He seemed to plead with her now. “I don’t have enough men, can’t you see that? Perhaps they’d wait until dark, perhaps we’d get that far. But as soon a
s night falls we’ll be slaughtered.”
It surpassed her, simply carried her along—in some clenched part of herself she registered surprise, a faint grace-note of wonder as it happened.
“No,” she told Sawhey, “I can fix that. Those people aren’t going to touch us.”
Later, playing it back in her mind, she found that whole blocks of memory had been lost to her. She couldn’t recall getting her daypack from the Mazda, nor stepping into the open away from the trucks, away from the thin, sheltering line of soldiers. There must have been an exchange, an understanding of sorts, because she started down the road with a vague sense of assurance, a mental imprint of their rifles coming to bear. Then it was all jump cuts and pieces of things, fragments spliced one after another—the awful heat, the scything birdsong in the bush, her nausea and a sharp copper taste in her mouth. How the sun threw orange shafts of light across the road, shadow and light alternating like flattened stairs, and how the rebels fell silent when they saw her coming. Like a switch had been thrown, that sudden, then her despair when they rallied and started in again, howling, obscenely urging her on.
At a certain point she lost the sense of her feet touching the ground. Things went away, spinning off as if gravity had lost its hold—mainly it was about not showing fear at precisely those moments when you were most afraid. Eyes, mouth, voice, strict control of the pressure points, because fear was a tacit form of consent. She was close enough now to see the lumps in their skin, the juju bundles they’d sewn into themselves. They wore rags and tatters of clothes but fairly bristled with weapons; they were boys, teenagers most of them, red-eyed, heads swiveling as they drifted toward the gate. Giggling, clearly messed up on something. Several pointed their guns at her and laughed.
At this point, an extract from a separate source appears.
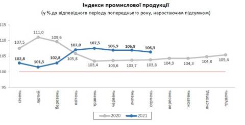 У січні-серпні, порівняно з цими місяцями 2020 року, виробництво промислової продукції в області збільшилось на 6,3%.
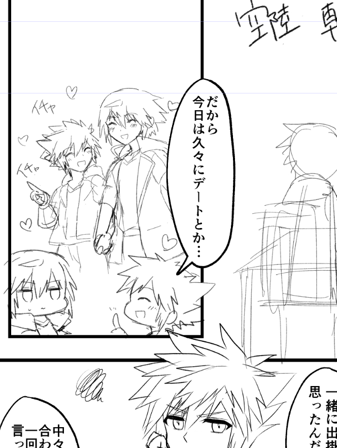 空陸新刊のラフの一部 兼 準備号として載せる一部分。自分で描いてて誰おま(特に陸)状態にじわったけど、こういう風にバカップルキメててイチャコラしてる空陸ちゃん好き

She stopped on a line even with the two stone portals. “Who’s the head man,” she called in a neutral voice, pitching it between request and command.
There was more laughter. “You a long way from home,” a voice answered.
“Sure, padi. But don’t you know I’m trying hard to get back there.”
The youth who’d spoken waved down the road with his gun. He was tall and gaunt, bare-chested, his thin Fullah face edged with decorative scars. Bandoliers wreathed his body like a fashion statement—gangsta, that was the style they aspired to. Tupac Shakur was their Haile Selassie.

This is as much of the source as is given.